I don’t have to be gay or a woman or a party to a lawsuit to find that terrifying. I don’t have to be anyone, in fact. I just have to read history (or the newspaper) to know how religious feelings sometimes become so intense that they override any sense of justice, fairness, or empathy with others. I used the example of the Taliban the other day, and I’m reading a book right now about how anti-Jewish polemic in the Bible, subsequent events in history, and the characteristics of German Lutheranism (and the leadership of a genuine wackjob) led to the horror of the Holocaust (or the Shoah, as some Jews prefer for it to be called).

I don’t have to believe that America is headed for anything like that to be worried at the prospect of what would happen to me or my fellow nonreligious folks if extreme political Christians ever found a way to impose their beliefs on our government.

Since I’ve posted about this before, I suspect that folks will suggest that I should focus on matters spiritual rather than the craziness of the political. Believe me, I try. But I’m guessing that I’m not the only agnostic/unchurched/secular person who feels this same fear. And as discussed in yesterday’s post, fear upsets the balance between reason and faith. I find that I can’t relax into the kindness of a religion when I feel the need to defend myself from many of its followers.

I would almost argue that in this day and age, Christians who want to spread the good news might have to come to grips with this problem first.

Consider what’s happened to Islam. It’s a venerable religion with more than a billion followers. Yet the acts of extremists who have twisted the tenets of the religion to fit their violent agendas have firmly associated Islam with terrorism, at least in some parts of the world and certainly here in America. If Christianity becomes too fully identified with intolerance and repression, what is its chance of spreading the good news?
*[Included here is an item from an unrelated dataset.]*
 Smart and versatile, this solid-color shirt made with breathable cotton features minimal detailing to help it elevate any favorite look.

3 Responses to “Mitt Romney’s speech”

  1. 1 Ed December 8, 2007 at 4:50 am

    You write some interesting posts, but sorry, with this one you are hyperventilating.
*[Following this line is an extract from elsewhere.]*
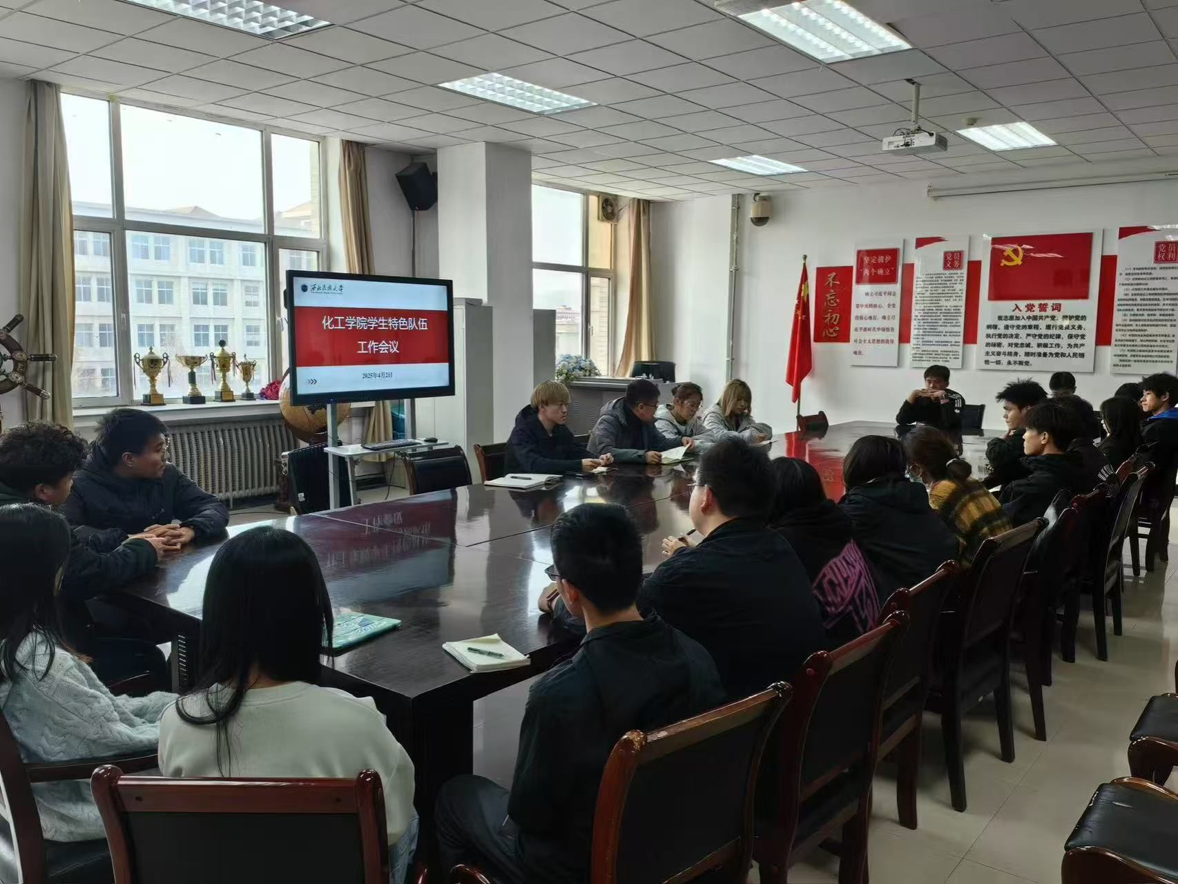 为深化体教融合育人实效,推进阳光体育工程建设,近日,化工红黑游戏 在格物一号楼北楼309会议室组织召开学生特色队伍工作会议。红黑游戏 团委负责人、学生会文体部相关负责人、各特色团队队长及临时团支部书记参加。

    It would take me five minutes and Google to find folks of your political persuasion publicly fantasizing about assassinating our president and torturing his family. Or to find news stories about college students subjected to reeducation-camp-style experiences for voicing views that don’t toe the politically correct line. Would I be fair to attribute to you, who share political affiliations with some of these people, their attitudes, or express fear for myself should you elect officials to your liking?
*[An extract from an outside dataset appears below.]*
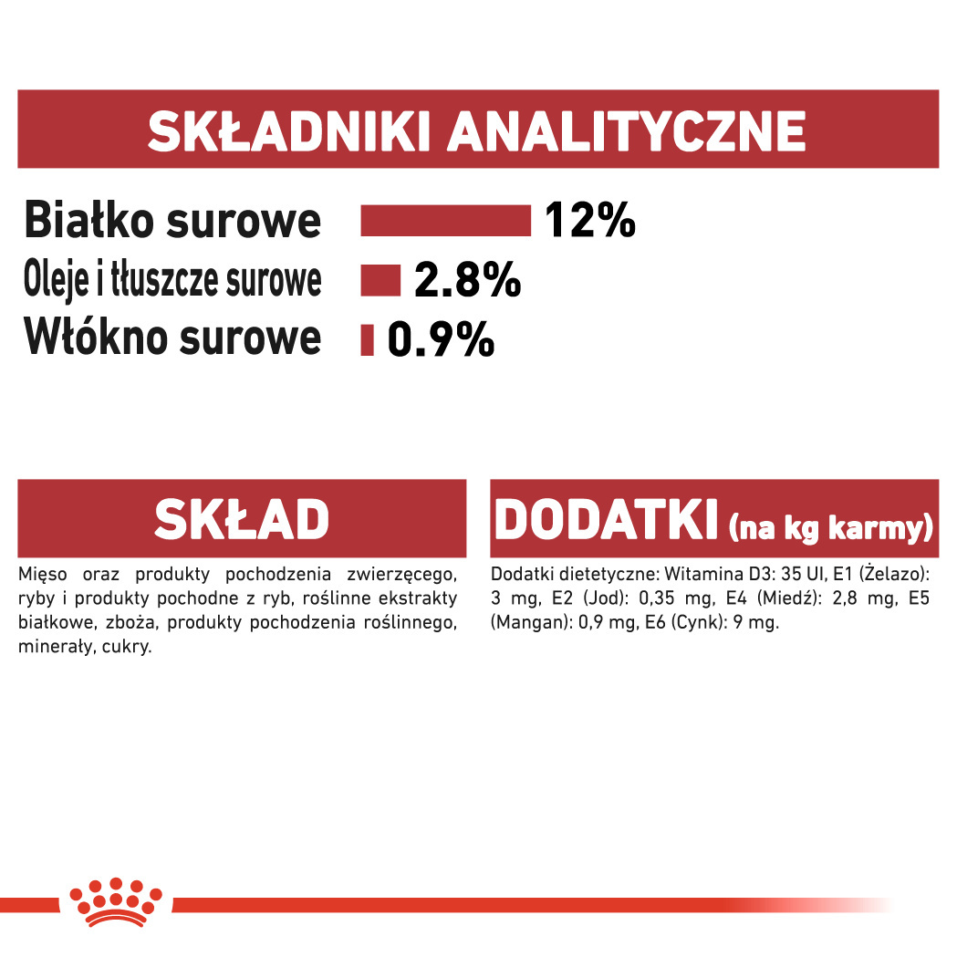 Karma ROYAL CANIN® Instinctive w sosie charakteryzuje się optymalnym poziomem tłuszczu, pokrywającym zapotrzebowanie na energię.

  2. 2 hdolezalek December 8, 2007 at 6:17 pm

    Well, I’m not talking only about electing public officials, I’m talking about my comfort with religion. And what public officials choose to say affects that comfort. That’s the real point of my post, even if my political discomfort has caused me to be unclear about that.

  3. 3 juli the horrible speller January 3, 2008 at 4:18 pm

    you are absolutely right. as a christian (although i hesitate to use that term because of what it has come to represent) i apologize for all the idiots who speak of assasinating people, etc. i find that to be hugely offensive and very anti-God. myself and my family have become very disenchanted with church and religion over the last year, but that doesn’t keep me from believing in and cultivating a relation ship with God. it makes me sad to be lumped in with people like jerry fallwell or abortion protesters who blow up clinics or other intolerant “christians” who are more focused on shoving their beliefs down others throats than they are on loving people as God would want us to.